I enjoy all things sensual. I enjoy finding new ways to make your skin get all covered in goose bumps (and that does not necessarily mean resorting to tickling you).
I am very much into giving and receiving touch. I believe that touch is healing and beautiful. I find it erotic and addictive. It’s my drug of choice.
As a touch addict, I want you to make the effort (at the appropriate times) to reciprocate. As much as I enjoy giving touch, I also enjoy receiving it from you. I crave touch and like it when you run your fingers through my hair or gently scratch my back or massage me or just glide your hands across my body.
I don’t like being pinched or forcefully tickled or anything that negates the sensuality of the moment. I DO like when you bite my shoulder or back, but not so hard that it goes beyond sweet pain.
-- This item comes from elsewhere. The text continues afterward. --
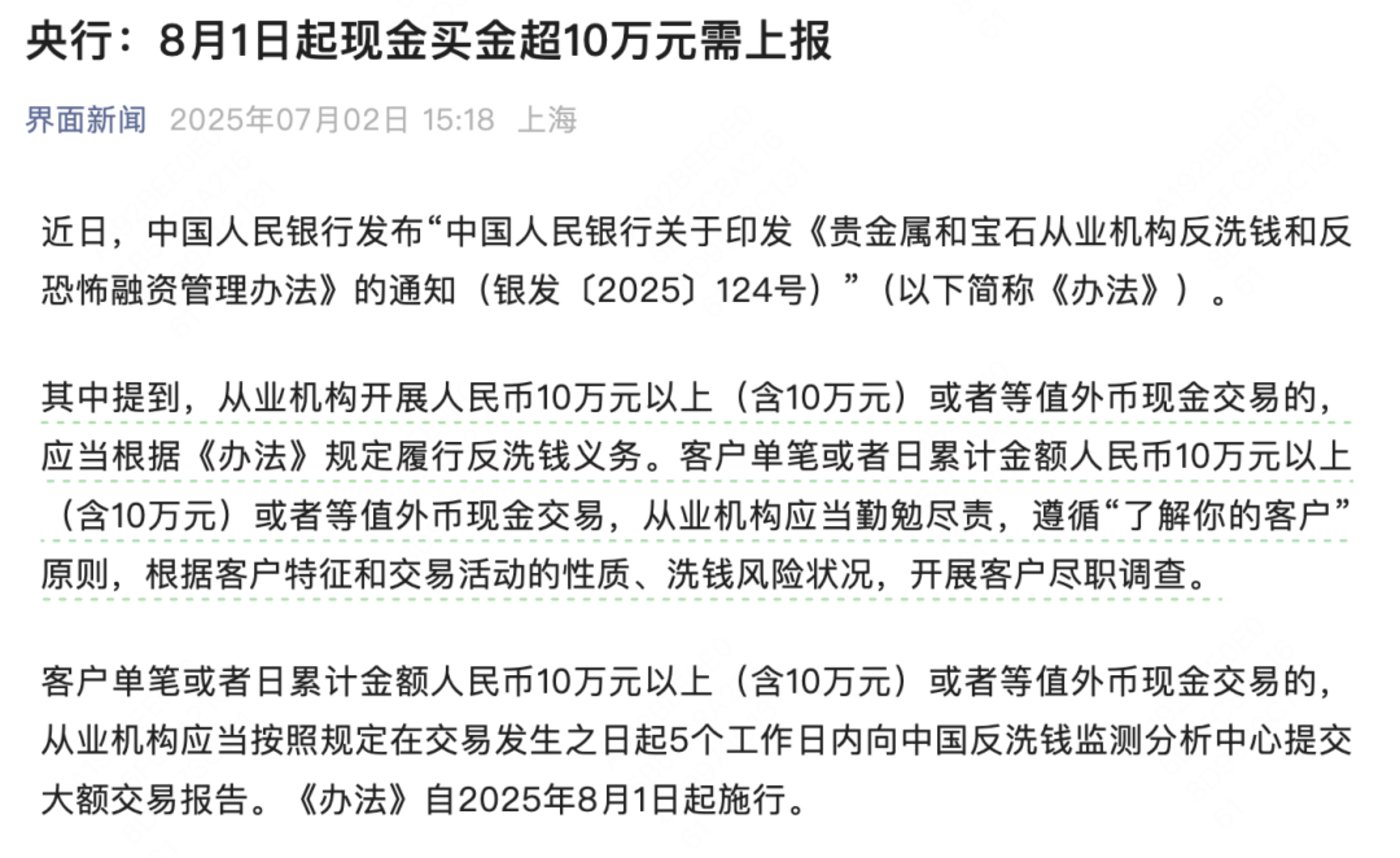 7月2号,央行低调发布了一份事关黄金买卖的新规:《贵金属和宝石从业机构反洗钱和反恐怖融资管理办法》。最醒目的变化在于:从今年8月1日开始,个人现金购买黄金超过10万元的,就得上报。

Unless I tell you not to say anything, I like verbal feedback – Real moans, whimpers, sighs, comments, etc. Authentic moans turn me on and give me insight into where the session should go next.
Your subtle or not-so-subtle sighs are music to my ears. If you make me work too hard without getting the benefit of some type of verbal or non-verbal feedback I lose incentive to continue.
I enjoy eye contact where appropriate. That said, I do like the effect that blindfolds have on you too and the way they help you to focus on just you and I.
I like using my hands more than I do instruments. Although I prefer to get you off with my voice, my directions, my hands, my fingers, my mouth, my words, and on occasion ... my c*ck, I still bring a toy bag full of helpful tools.
Toys are nice when they serve a purpose.
There’s a definite plus to having access to certain toys, implements and magic wands. They add to the scene, they prevent fatigue; they add an element of surprise and heightened satisfaction.
So, if you find floggers, paddles and SAP gloves useful as ways to get you into the head space you long for then I am happy to oblige.
I like it when you get wet.
I enjoy making your body respond in ways you may have thought were impossible. I take pleasure in your wetness, your quivers, your trust that together we'll take a journey that potentially leads to primal joy and ecstasy.
At times, I'll want you to orgasm repeatedly. I know this might be an unfair expectation, but watching you get to that point validates my efforts and makes the energy investment even more worthwhile.
I enjoy seeing you on a cross or in chains, or bent over my lap. Just like blindfolding you, these situations seem to help you get the mental outcome you’re seeking, and I think your body is beautiful. I think restraints of all types are sexy but love it when you just keep your hands and legs where I ask you to.
I am not into blood, cutting, or anything that mutilates any part of the body. I also have no desire to deliberately cover or be covered with urine or sh*t.
I love spontaneity and communing with people who are passionate about exploring the edges of life.
Don't expect the same thing twice. Don't over plan or over think the moment. Passionate people make life interesting. It is best not to get too attached to anyone too quickly as drama and going in with too many expectation is an energy-suck.
Aftercare is beautiful. However long or short a time you need to float is cool with me. Your mouth is sexy, I love when you use it to please me.
Finally, bad or limp kissing is a turn off. I appreciate playmates who excel at kissing or who are at least highly teachable on the nuances of kissing passionately.
And, if I f*ck your brains out during or after our session (per discussed negotiations beforehand), enjoy it. Make all the noise you want. I give you permission to let go.
Thanks for reading!!

I am one this site in an effort to meet like-minded people. I would like to make friends with other likable, knowledgeable, capable Doms -- be they male or female -- to interact with my beautifully sub wife. Likewise, I would like to meet grounded, drama-free, willing submissive females, switches and bottoms who want an occasional playmate & like to explore. Common sense dictates that we start as friends and see where it leads! Thanks for reading!